Editor’s note: Find the latest COVID-19 news as well as instructions in Medscape’s Coronavirus Resource Center. Coronavirus Resource Center.
People who get COVID-19 infections caused by the Omicron variant are less likely to need hospitalization, compared to those affected by the Delta variant, as per two new studies of a large size from the U.K. and South Africa.
These findings were released before peer review and provide evidence that Omicron although highly contagious, may cause less severe symptoms than its predecessors.

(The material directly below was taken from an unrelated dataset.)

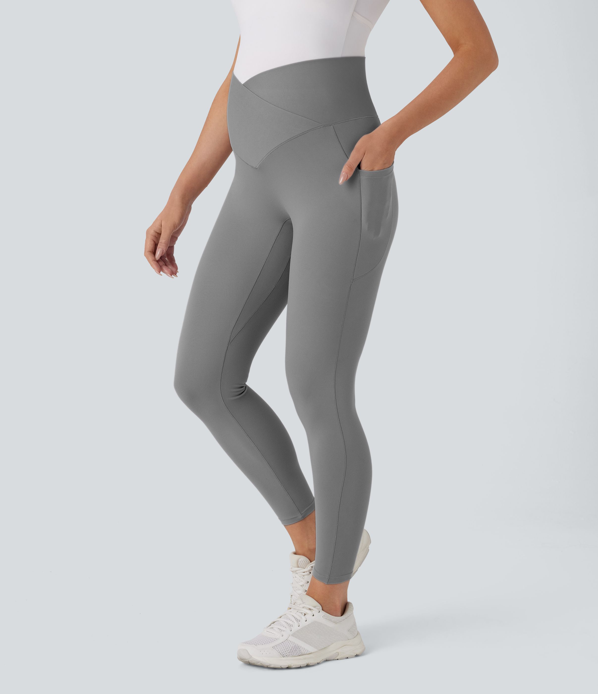 SoftlyZero™ Super High Waisted Crossover Pocket 7/8 Yoga Maternity Leggings-UPF50+

“This is helping to determine how severe Omicron is in comparison to Delta and Delta, and it appears that between 40 and 75% less risk for hospitalizations, adjusted to a variety of aspects, which are excellent,” said Eric Topol MD who is the editor-in-chief of Medscape and a cardiologist at Scripps Research Translational Institute La Jolla, CA.
The first analysis that was conducted by the World Health Organization Collaborating Centre for Infectious Disease Modelling and Imperial College London, found that overall, people infected by Omicron had around a 20% lower likelihood of needing any hospital care for their infections and 40% less risk of a hospital stay lasting more than a night when compared to those who were affected by Delta.
The patients who were infected again, which means they were infected again following an earlier COVID-19 infection, had a 50%-60% lower likelihood of needing hospitalization. This could be due to the advantage of having immunity to the same family of viruses.
The study covered all patients with polymerase chain reaction-confirmed COVID-19 in the U.K. during the first 2 weeks of December -about 56,000 Omicron cases and 269,000 Delta infections.
The second study was conducted by South African researchers at the National Institute for Communicable Diseases. It included more than 29,000 COVID-19 patients whose lab results strongly suggested Omicron infection. As compared to people who had the Delta variant, patients with presumed Omicron infections were around 70 percent less likely to develop severe illness.
The positive news for the population is encouraging, however the authors of the study cautioned that health systems are still under pressure.
“Given the fact that the Omicron virus is highly transmissible the Omicron virus, there is the potential for health services to be faced with increasing demand when Omicron cases continue to increase at the rate that has been observed in recent weeks,” said study author Neil Ferguson, PhD, who studies the way in which infectious diseases spread at Imperial College London.
The study’s authors claim that their findings are specific to the U.K. and South Africa, where substantial portions of the population have some immunity to past infections. In other words, they may not apply to countries where fewer have been vaccinated or have recovered from a bout with COVID-19.
Eric Topol, MD, editor-in-chief, Medscape and cardiologist, Scripps Research Translational Institute, La Jolla, CA.
Neil Ferguson, PhD, professor, Imperial College London.
MRC Center for Global Infectious Disease Analysis at Imperial College London: Report 50 – Omicron patients in England
MedRxiv: “Early assessment of the clinical severity of the SARS CoV-2 Omicron variant in South Africa.”